On a day’s notice, several hundred people and maybe two dozen wrestlers from surrounding villages had arrived on foot or by cart and assembled in the open area between the hut-size mosque and general store. Bedecked with amulets and the occasional body paint, the young male hopefuls, all in their late teens or 20s, flexed and preened in skimpy loincloths. Meanwhile, the gathering crowd — women wearing colorful batiks and men in T-shirts and jeans — formed the three-deep perimeter of this impromptu arena.
Before the first bout, my son Dan and I had taken our spots in coveted ringside seats. For the next three hours, we would sit transfixed, honored guests at a sporting event that could have taken place two centuries ago.
All because of the $25 I spent on a 50-kilo bag of rice — the prize for the eventual champion.
A Father-Son Road Trip
For some time I dreamed of Senegal, and a return to the Peace Corps village I left in 1972. Ever since, I have kept up with the family who took me in when I was 21. In particular, I have kept up a correspondence with Biram N’Diaye, the village chief’s son — and now the village chief himself. Our special friendship began almost from the instant in 1970 when I was dropped off in Keur Waly N’Diaye, the tiny village that bears his father’s name.
Like most volunteers, I had several motives for joining: a desire to serve, to be sure, but also a desire to interrupt my academic studies and defer entering the “real” world by living someplace I might never otherwise see. The one place I did not want to see was Vietnam. I had signed up for the Peace Corps already, but then I drew #4 in the draft lottery, which meant I might soon be called up to serve in the war. That was the extra push I needed.
I arrived alone after three months of language, technical and cultural training at the village, which comprised about 10 families eking out a meager living growing peanuts, then Senegal’s primary cash crop. The families were extended and predominantly polygamous, and their separate compounds generally consisted of several huts organized around a central eating/sitting area and surrounded by a millet-stock fence. The more prosperous households — a category that did not include Chief Waly — lived in compounds that included a two-room cement-brick house with a metal roof. Yard space was shared with a variety of scrawny farm animals and a mangy dog or cat. There was no electricity or plumbing, not even outhouses.

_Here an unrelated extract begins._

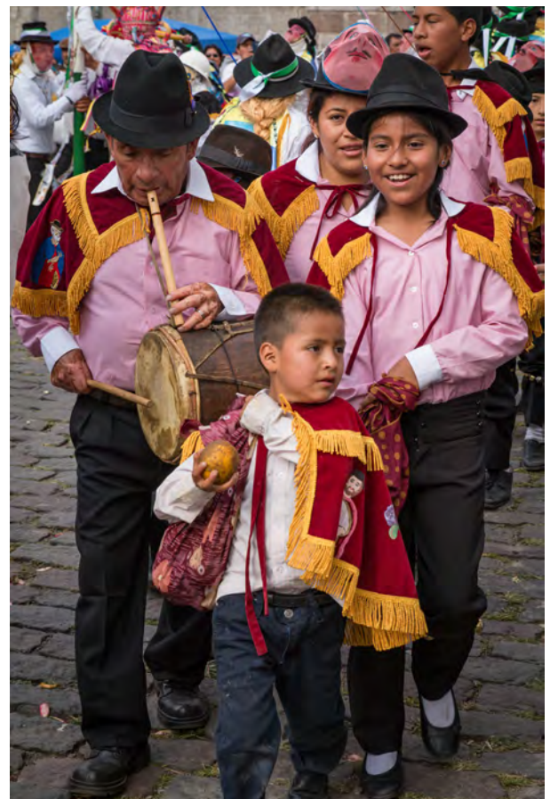
En Ecuador son innumerables las fiestas que muestran su interculturalidad combinando creencias indígenas y mestizas conservadas en la región andina. Este es el caso de la conmemoración religiosa del Corpus Christi y la Llegada del Inti Raymi en honor a Inti, el dios sol.

It was an exceptionally small village for a Peace Corps posting, and my placement with the chief’s family as the village’s first and, to this day, only volunteer was unusually intimate. I naturally reached out to Biram, the chief’s eldest son, to mediate between me and other villagers, some of whom were skeptical of my intentions and capabilities. It was a role in which he excelled. At the time, Biram was 30, married and a father of four. Unlike many Senegalese, he spoke no French; in fact, as with the rest of the Keur Waly villagers, his primary language was not Wolof — Senegal’s most common — but Serer, a distinct tongue of his ethnic group and one that I never learned. A true peasant, he had no schooling and had never been out of the area; his one and only trip to the capital city of Dakar was to see me off when I was leaving.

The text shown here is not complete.